Asafa Powell wants to come out of retirement 

Clearly, Bermuda in May is not the occasion for such lofty goals, so Powell’s motivation for being here is part-athlete, part-ambassador while getting through the relay at 2.45pm with his body intact.

Asafa Powell wants to come out of retirement 
Powell

When Asafa Powell retired from top-flight athletics last November on turning 40, seemingly gone was the dream of going where no man had gone before — not even the showstopping Usain Bolt, his illustrious fellow Jamaican.

Spanish Town’s finest son had become tired of the gruelling training schedule which had punished his body over a largely successful 20-year career that has brought a host of trinkets, including Olympic gold and two world titles in the 4x100 metres relay.

He and his wife, Alyshia, have embarked on a successful business partnership in growing The Powells YouTube vlog, but there remains a significant itch to scratch — getting to a century of sub-10sec 100 metres races!

Stuck on 97 since September 1, 2016 — a 9.94sec in a Diamond League final at the Zürich Weltklasse meet in Switzerland was his last — Powell, who is on island to run in the relay at the USATF Bermuda Grand Prix today, expresses a new-found motivation to do the unthinkable.

For context, Kim Collins, of St Kitts & Nevis, is the only 40-year-old ever to run sub-10 when he achieved the feat with 9.93 in Germany in May 2016 — and he did so only once before retiring at the end of the 2018 season.

“I’ve been back and forth thinking about if I should come back because I honestly miss the sport; I miss competing,” Powell told The Royal Gazette in an exclusive interview hours after arriving on the late flight from Miami.

“What I don't miss is training, but I’ve been doing a lot of training and I am still deciding if I want to touch back the track.

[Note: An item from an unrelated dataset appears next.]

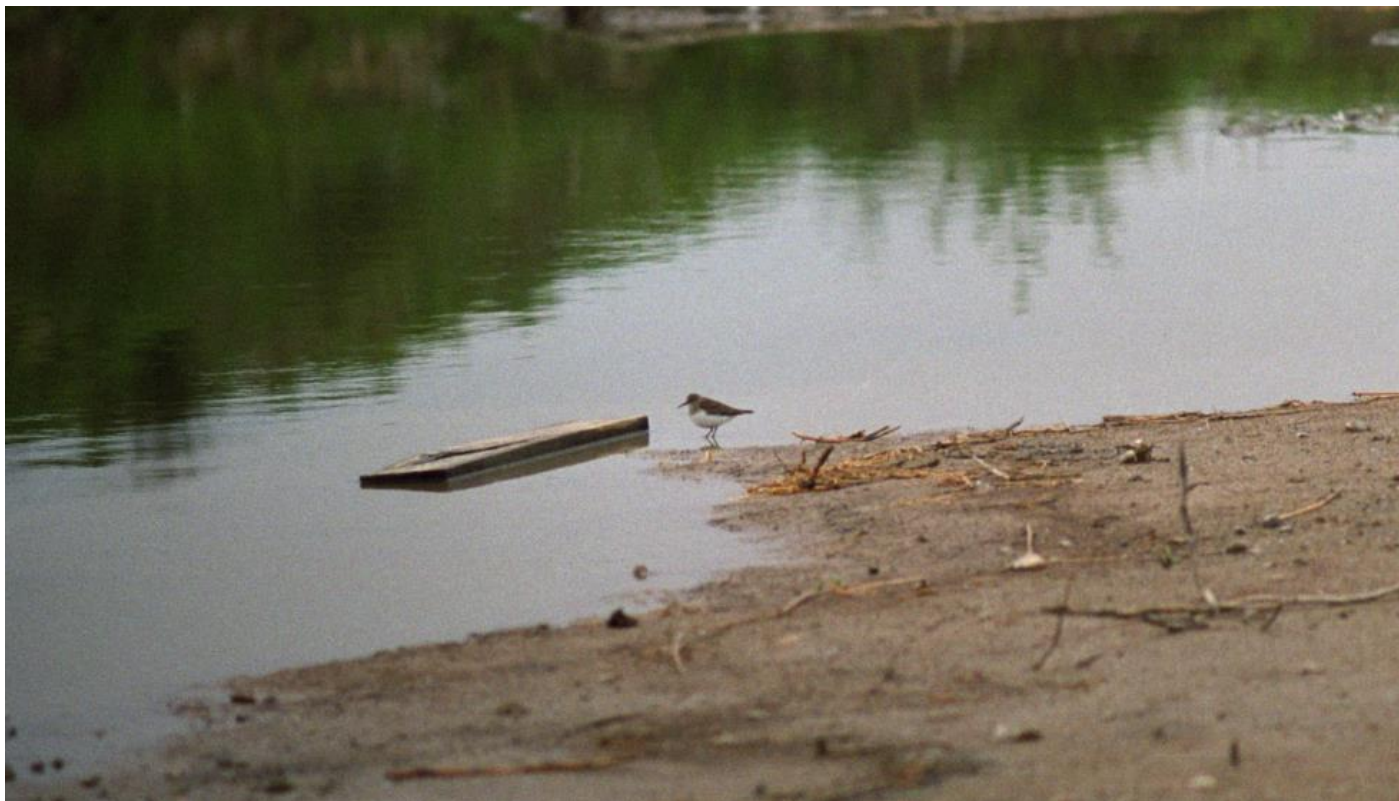
Temminck's Stint at Nickolls Quarry

The tetrad map images were produced from the Ordnance Survey Get-a-map service and are reproduced with kind permission of Ordnance Survey .

I’m very motivated to come back, but it’s just really finding that energy that I need.

“I’m at 97 sub-10s. My main goal that I’ve always wanted to accomplish was to get 100 sub-10s. So to get back in the sport, that would be the focus — not to come and do anything special, like winning an Olympics or anything like that ... just to get some sub-10s.”

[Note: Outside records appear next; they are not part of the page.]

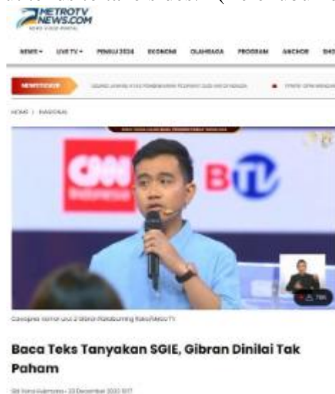
Figure 3. Schedule, Theme, Format of the 2024 Presidential Debate.

Mass media becomes a forum for political competition. Political figures who declare themselves through candidacy in the general election are currently vying to build publicity or fame through the existing media. Mass media plays an important role in shaping perceived views through reporting. This understanding of reality can be interpreted as an attempt to describe interpretations of certain events, situations, and topics, including in a political context. The reality presented by the mass media certainly influences people's views and opinions to view a political phenomenon. McComb and Shaw argue that audiences not only access news and other information through mass media, but also to find out how much meaning is given by the media in giving emphasis to a particular issue or topic. argues that the influence of the media in setting public attention depends on the center of power; If the media has close ties to the elite class in society, it is likely to influence the media's agenda as well as society's agenda. (2014:418). (Anggoro, 2014) (Silviana & Martanto, 2019) (McQuail & Windahl, 1993) Littlejohn & Foss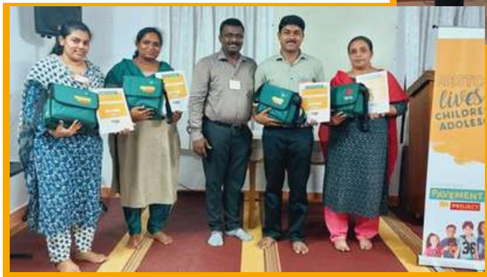
INDIA – LAKKA TTOOR BRETHREN ASSEMBLY, PP NEW EDUCATORS IN KOTTAYAM (MAY 2023)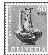
Coloured glass bottle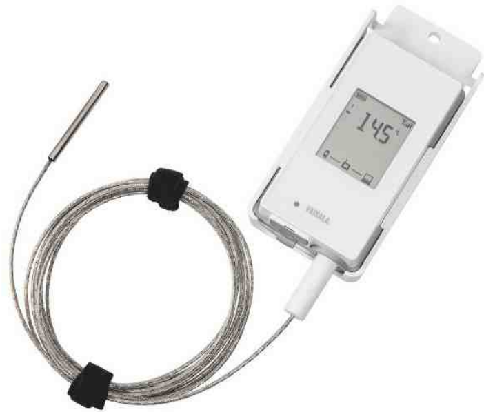
The RFL100 Wireless Temperature Data Logger uses VaiNet proprietary wireless technology to connect to viewLinc. Shown with probe extension cable. RFL-Series data loggers come in temperature only or temperature and humidity models.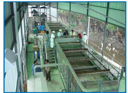
2 OFF 60 cu.m/hr DAF unit

Clearly, Bermuda in May is not the occasion for such lofty goals, so Powell’s motivation for being here is part-athlete, part-ambassador while getting through the relay at 2.45pm with his body intact.

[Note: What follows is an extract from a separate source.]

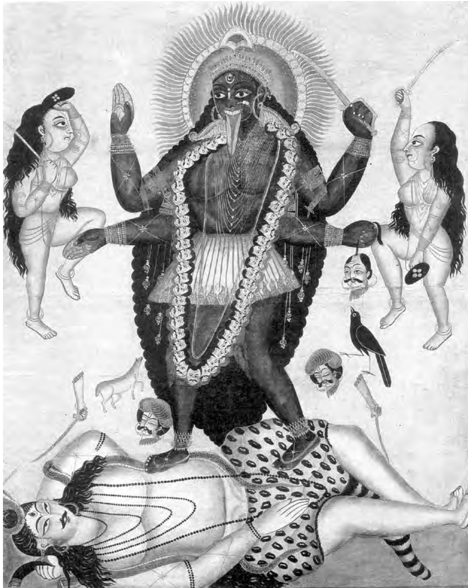
Figure 1 – Goddess Kali

symbolism of cosmic conceptions and not of representations of “proper” bodies. Kali was one form of shakti , power, force, symbolism and is encompassed within the Hindu mythology and aesthetics as the all-powerful saguna Brahman form. She is an image of matriarchal, maternal power, force, originator, adya shakti , the primal energy, cosmic energy world mother. Cosmic energy in its dynamic form is symbolized in the form of shakti , the world mother, who is power and energy by which the creation, preservation and destruction of the world, universe is portrayed in this all-encompassing form.

“It is really just to let my presence be felt,” the two-times former world record-holder said. “Just to come here and let the Bermudian crowd see me and get to experience what it’s like to see athletes like us on the track. All these years, we’ve been competing around the world, but we have never been to Bermuda. To come here for the first time is really exciting and I want to show Bermuda what athletes of my calibre do on the track, what we look like.”